Saturday, March 08, 2014

Review: Dragonhaven


Dragonhaven
Dragonhaven by Robin McKinley

My rating: 3 of 5 stars



Three and a half stars. At first I was blown away by how different it was from all the other McKinley I've read; it's modern-day instead of fairytale and the protagonist is male! I felt a bit as though I had started reading a Percy Jackson novel, which is fine in its own way, but not at all what I'd been expecting. However, as the story progressed, I noticed familiar elements: the main character spent a lot of time in a state of muzzy-headed confusion, and much of what was going on was inexplicable and not fully described, leaving a strong impression of that sense of narrow focus and confusion. McKinley does that bit oh-so/too-well on a regular basis, and I tend to think of it as her slightly-annoying-but-eerily-evocative trademark.
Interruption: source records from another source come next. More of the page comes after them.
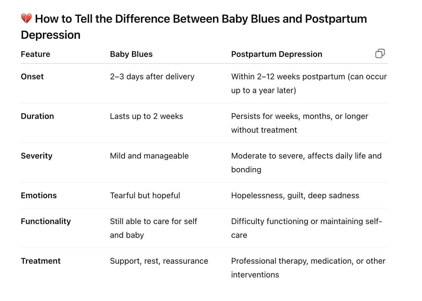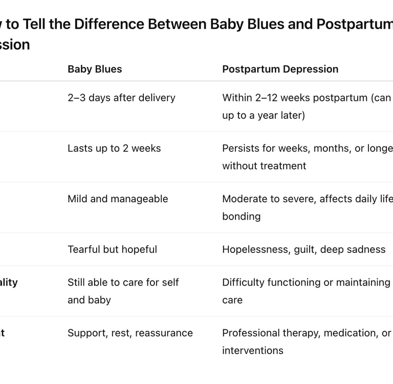 Postpartum “baby blues” and postpartum depression share some emotional overlap, but they differ in intensity, duration, and impact. Baby blues are short-lived and mild, while postpartum depression is deeper, more persistent, and requires professional treatment.
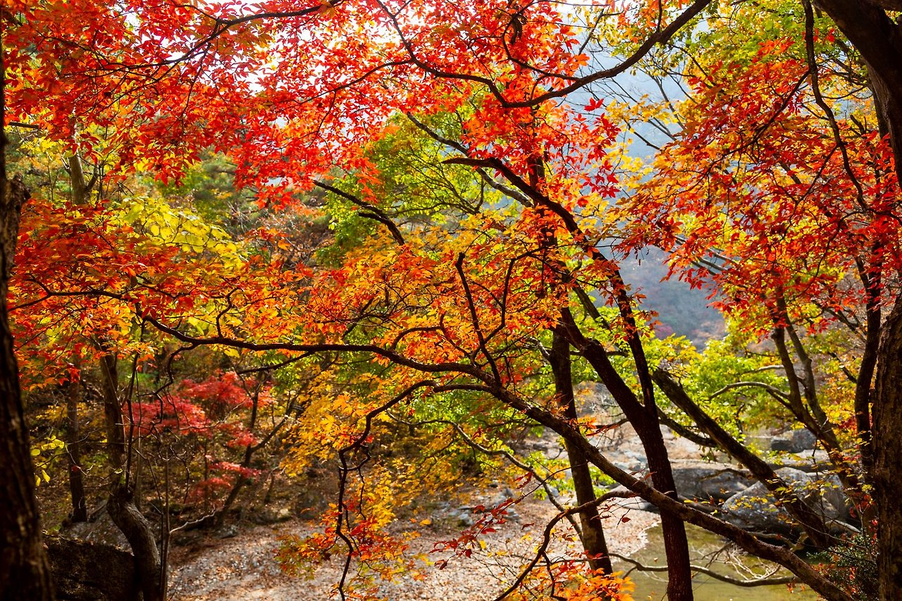 이 시기에는 주왕산 전역이 붉은빛으로 물들며, 특히 제1폭포에서 제3폭포까지 이어지는 계곡길은 절정을 맞은 단풍잎이 폭포수와 어우러져 가히 환상적인 장관을 연출합니다. 주왕산의 단풍은 붉은 단풍나무와 노란 느티나무, 초록빛 소나무가 어우러져 다채로운 색의 조화를 이루며, 일교차가 크고 일조량이 풍부한 만큼 색이 선명하고 깊게 나타나는 것이 특징입니다.
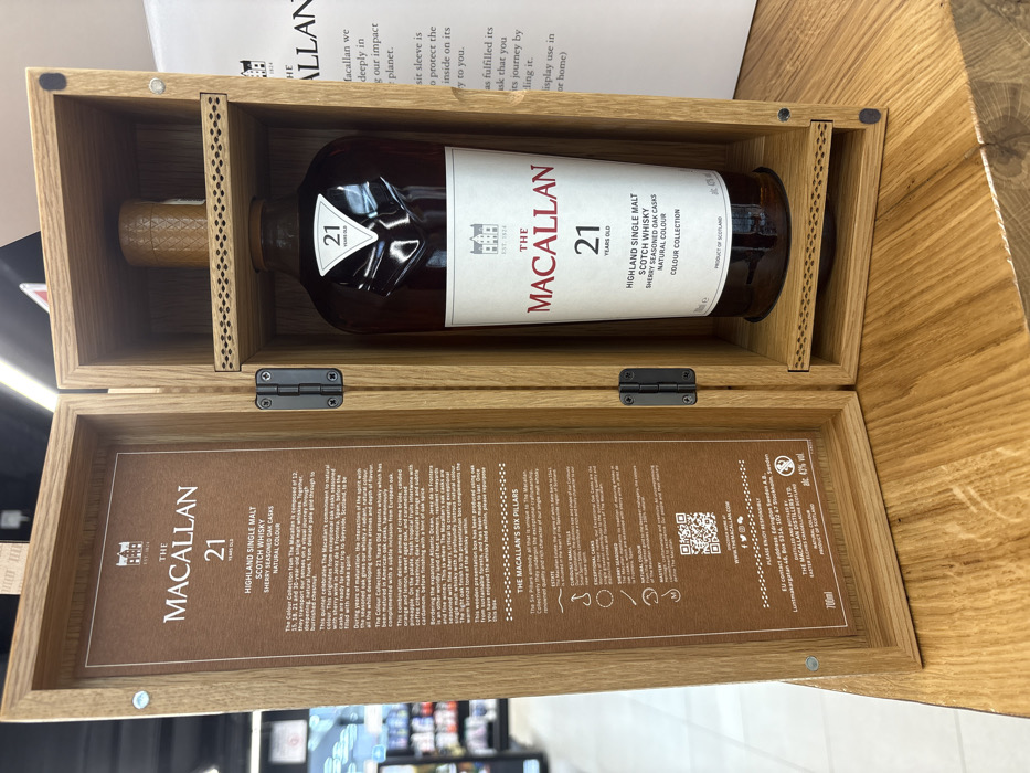 The scene depicts a bottle of The Macallan 21 Years Old Highland Single Malt Scotch Whisky displayed in its open, light-brown wooden presentation box

Once I twigged on that, it occurred to me that the speech pattern actually was the same one I'd noticed over and over in McKinley's fairytales, only the language was updated a bit.

True to a good McKinley read, it did suck me into its world and make me irritated when I had to leave it to attend to the rest of the universe. I would have liked a chance to explore the world a bit more, but probably the pace would have dragged if more time had been spent in explicit exploration, and I could tell that it was a choice to drop the reader into the middle of the action and have the narrator assume a common background which doesn't really exist, slowly filling in the gaps later. The technique hooked me in as it was meant to do, but it leaves a bit of an unsatisfied itch. Cool concept for the world.

I want to hear Eleanor's story, maybe in the form of her post-presidential memoirs. I'm done with Jake.